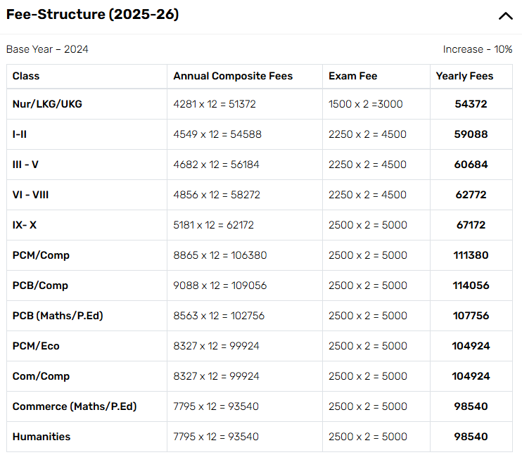 The fee from Grade 10 up to Grade 12 ranges from INR 60,912 to 72,372 per annum.
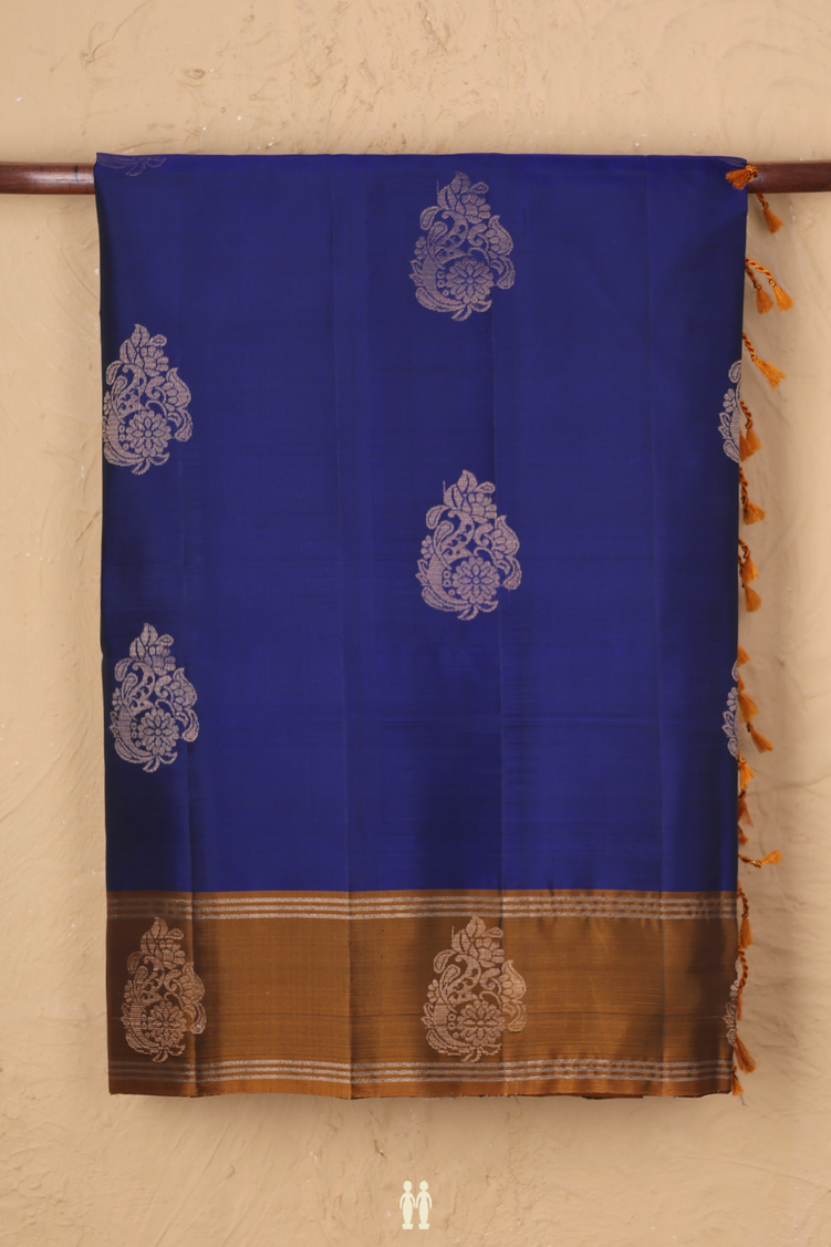 Soft Silk Saree In Royal Blue With Floral Motifs
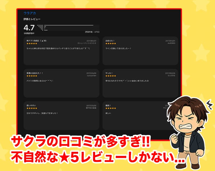 【結論】ウラアカはサクラや業者の危険が多すぎたので要注意!
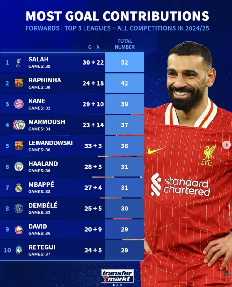 2025-03-01 20:24:18本賽季五大聯賽前鋒參與進球榜:薩拉赫52球居首,拉菲尼亞次席
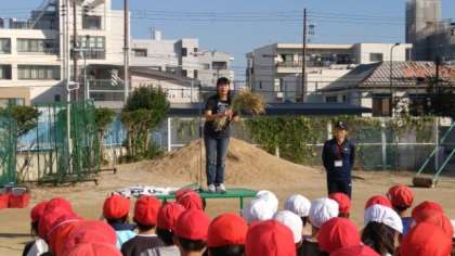 手に持っているのは矢田西小学校の近くの田んぼで収穫した稲穂です。
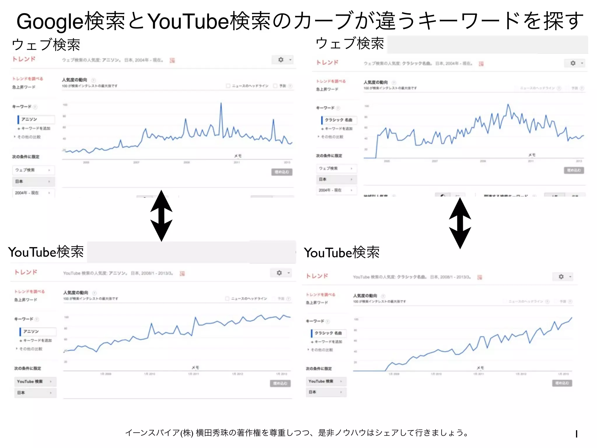 http://www.google.com/trends/ http://thenextweb.com/google/2013/03/20/google-trends-gains- youtube-search-data-going-back-to-2008-lets-you-limit-results- to-just-videos/ 新たにYouTubeでの キーワード検索数 の推移を調べられ るようになった。 イーンスパイア(株) 横田秀珠の著作権を尊重しつつ、是非ノウハウはシェアして行きましょう。 2

+ + + +

= About this exercise =
Every entry above needs to be duplicated precisely, and none of the pictures should appear.

= Output below =
 The fee from Grade 10 up to Grade 12 ranges from INR 60,912 to 72,372 per annum.
 Soft Silk Saree In Royal Blue With Floral Motifs
 【結論】ウラアカはサクラや業者の危険が多すぎたので要注意!
 2025-03-01 20:24:18本賽季五大聯賽前鋒參與進球榜:薩拉赫52球居首,拉菲尼亞次席
 手に持っているのは矢田西小学校の近くの田んぼで収穫した稲穂です。
 http://www.google.com/trends/ http://thenextweb.com/google/2013/03/20/google-trends-gains- youtube-search-data-going-back-to-2008-lets-you-limit-results- to-just-videos/ 新たにYouTubeでの キーワード検索数 の推移を調べられ るようになった。 イーンスパイア(株) 横田秀珠の著作権を尊重しつつ、是非ノウハウはシェアして行きましょう。 2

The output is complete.